Mais la valeur de marché du carbone devrait connaître une chute de 32 % en 2009 : 62,6 milliards d’euros en 2009 au lieu de 92 milliards en 2008. Ceci est lié à la chute des prix enregistrée. 2009 sera ainsi la première année de contraction de la valeur de ce marché du carbone depuis son lancement en 2005.
Est-ce déjà la fin de ce marché du carbone naissant ?
Attention, il ne faut surtout pas que cette crise financière et économique nous aveugle. Les changements climatiques sont là avec une accélération qui va au-delà de ce que nous pensions. La nécessité de changer de mode de consommation énergétique est irréversible.

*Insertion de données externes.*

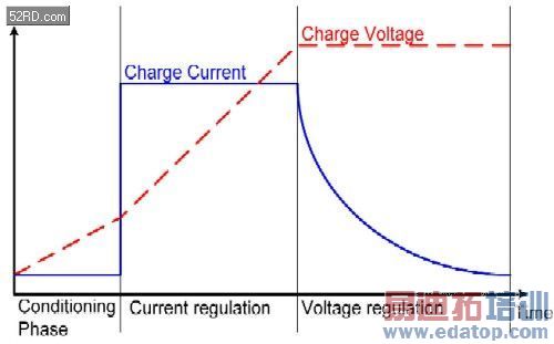 要判断电池是否已充满电力,绝大多数的锂离子充电器会将电池电压保持固定,然后监测最小的电流值,图2即为充电曲线,它是利用降压转换器实作所得到的最有效曲线,这个降压转换器是一种交换式稳压器,它会使用电感或是变压器做为储能装置,然后以个别封包的形式把能量从输入端送到输出端。回授迴路则会透过电晶体来调节能量传送,以便在电路的负载范围内维持定电压或定电流。
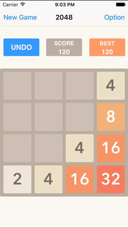 Swipe any direction to move all tiles. When two tiles with the same number touch, they merge into one.
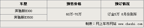 據(jù)4S店銷售人員介紹,目前奔馳老款E級各4S店已經(jīng)停產(chǎn),不再接受消費(fèi)者預(yù)訂,而新款E級可以接受預(yù)訂,訂金為5萬元,銷售人員介紹預(yù)計8月份可以到車。首批到車的是進(jìn)口的新E300和E350,預(yù)售價格在60萬元-70萬元之間。同時銷售介紹6月份北京地區(qū)將有新E級的巡展活動舉辦,關(guān)注這款車的消費(fèi)者可以留意4S店的相關(guān)信息。

Le besoin d`aller vers une économie nouvelle à faible teneur en carbone est omniprésent. Le futur se fera avec cette nouvelle économie verte : anticiper est aujourd’hui primordial pour être demain armé afin de profiter au mieux de cette nouvelle économie pour nous développer. Il faut persévérer pour accéder aux technologies propres et aux financements existants dans ce domaine.
Quelles sont les conséquences de cette baisse sur le marché marocain ?
Au Maroc, nous avons un portefeuille de projets MDP important, et la stratégie présentée lors des dernières assises de l`énergie (voir article en page 28) montre que le potentiel de réduction des émissions en matière d’efficacité énergétique et d’énergies renouvelables est considérable. Il s’agit de plus de 15 millions de crédits carbone par an vers 2012. Ce potentiel atteindrait vers 2020 les 30 millions de crédits carbone par an. Ce qui représente, même aux prix les plus bas de la tonne de carbone enregistrés actuellement sur le marché, des possibilités de financement de 150 millions d’euros (1,7 milliard de DH) par an à partir de 2012 et 300 millions (3,3 milliards de DH) au-delà de 2020.
Ce sont donc des financements significatifs qu’il faut à tout prix drainer. Et pour cela, nous avons besoin de développer ces projets MDP selon les normes des Nations-Unies et de les inscrire dans notre politique de réduction des émissions pour avoir ces financements de la part des pays industrialisés. Notre urgence est là. Le marché du carbone aura d’ici là retrouvé des couleurs. Donc pas de panique, restons sereins et avançons au niveau du développement MDP de nos projets. A ce niveau nous enregistrons aujourd’hui un grand retard !
Doit-on continuer à préparer des projets MDP même si le régime climatique post-2012 tarde à être fixé ?
Oui, absolument. Car des engagements significatifs de réduction des émissions devraient être adoptés à Copenhague en décembre 2009 par la communauté internationale. Les Etats-Unis, le plus gros émetteur de carbone par habitant, seront aussi engagés cette fois-ci. Le carbone restera la cible de l’après-2012. Nos crédits carbone et nos efforts trouveront facilement preneurs.
Je voudrais insister sur un fait : le Maroc se doit, comme tous les pays en voie de développement, de participer avec force aux négociations de Copenhague en décembre 2009. Celles-ci devraient aboutir au nouveau régime climatique post-2012.